Exercise
Keep the images out and set the listing below down word for word.

Dataset excerpt
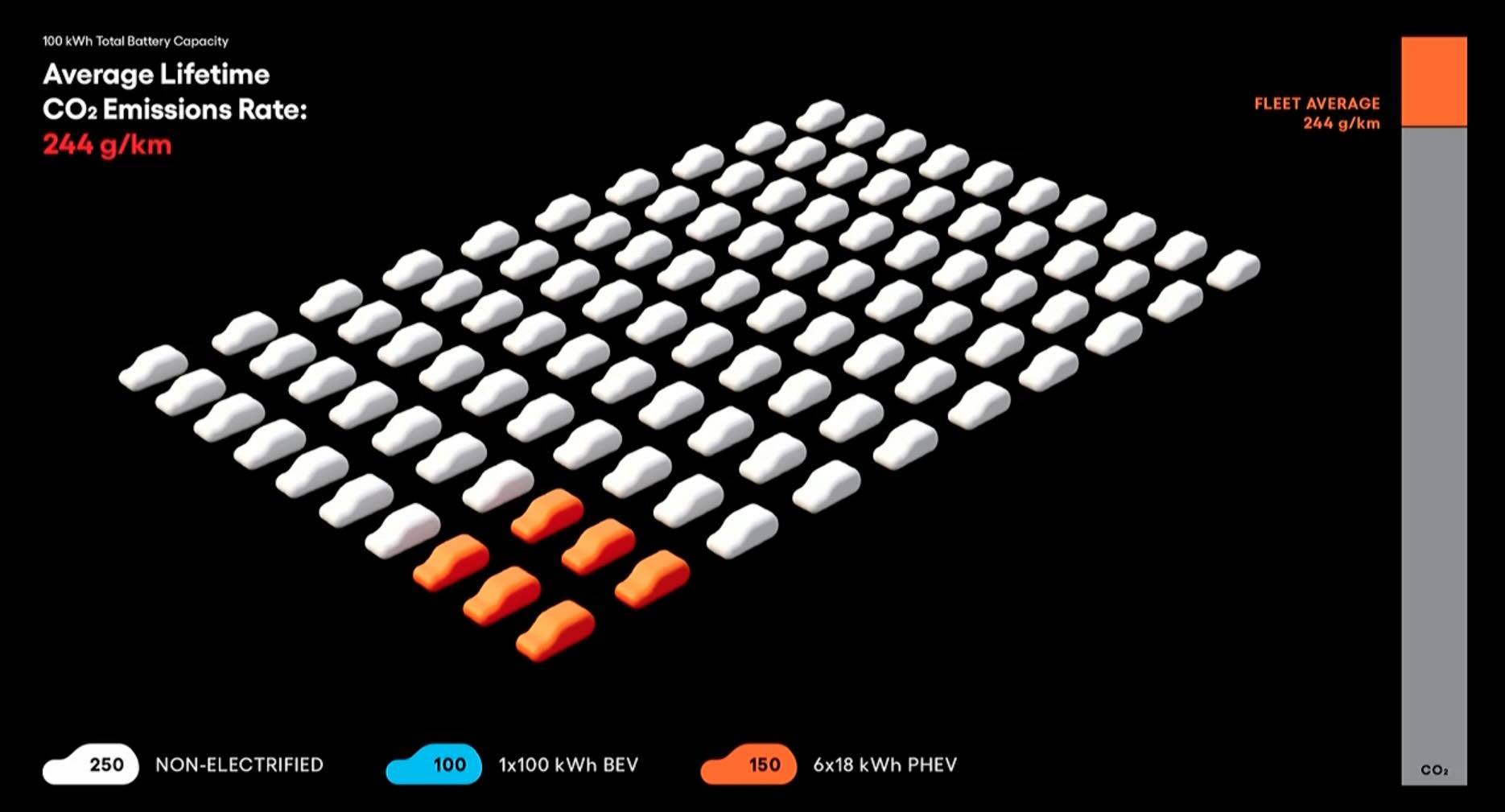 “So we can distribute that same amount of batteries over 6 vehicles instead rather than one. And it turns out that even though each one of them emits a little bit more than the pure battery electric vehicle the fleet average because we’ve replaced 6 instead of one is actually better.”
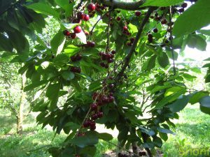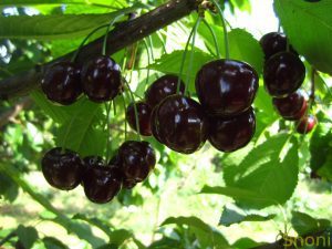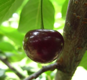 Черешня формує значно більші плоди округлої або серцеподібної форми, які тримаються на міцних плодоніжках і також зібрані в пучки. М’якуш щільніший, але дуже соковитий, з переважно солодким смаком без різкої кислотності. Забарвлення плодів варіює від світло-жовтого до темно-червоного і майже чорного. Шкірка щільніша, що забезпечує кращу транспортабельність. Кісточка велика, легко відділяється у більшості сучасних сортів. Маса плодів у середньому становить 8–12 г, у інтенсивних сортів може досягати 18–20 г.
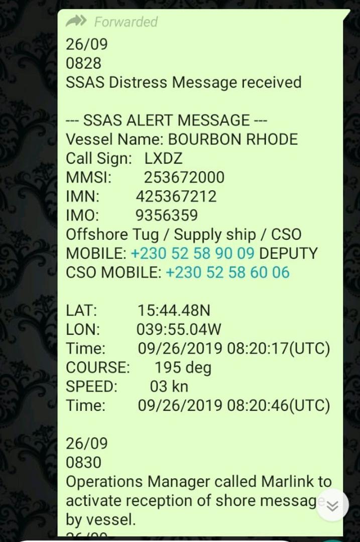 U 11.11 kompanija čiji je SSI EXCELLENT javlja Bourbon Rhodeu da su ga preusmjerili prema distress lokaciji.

Exercise response
 “So we can distribute that same amount of batteries over 6 vehicles instead rather than one. And it turns out that even though each one of them emits a little bit more than the pure battery electric vehicle the fleet average because we’ve replaced 6 instead of one is actually better.”
 Черешня формує значно більші плоди округлої або серцеподібної форми, які тримаються на міцних плодоніжках і також зібрані в пучки. М’якуш щільніший, але дуже соковитий, з переважно солодким смаком без різкої кислотності. Забарвлення плодів варіює від світло-жовтого до темно-червоного і майже чорного. Шкірка щільніша, що забезпечує кращу транспортабельність. Кісточка велика, легко відділяється у більшості сучасних сортів. Маса плодів у середньому становить 8–12 г, у інтенсивних сортів може досягати 18–20 г.
 U 11.11 kompanija čiji je SSI EXCELLENT javlja Bourbon Rhodeu da su ga preusmjerili prema distress lokaciji.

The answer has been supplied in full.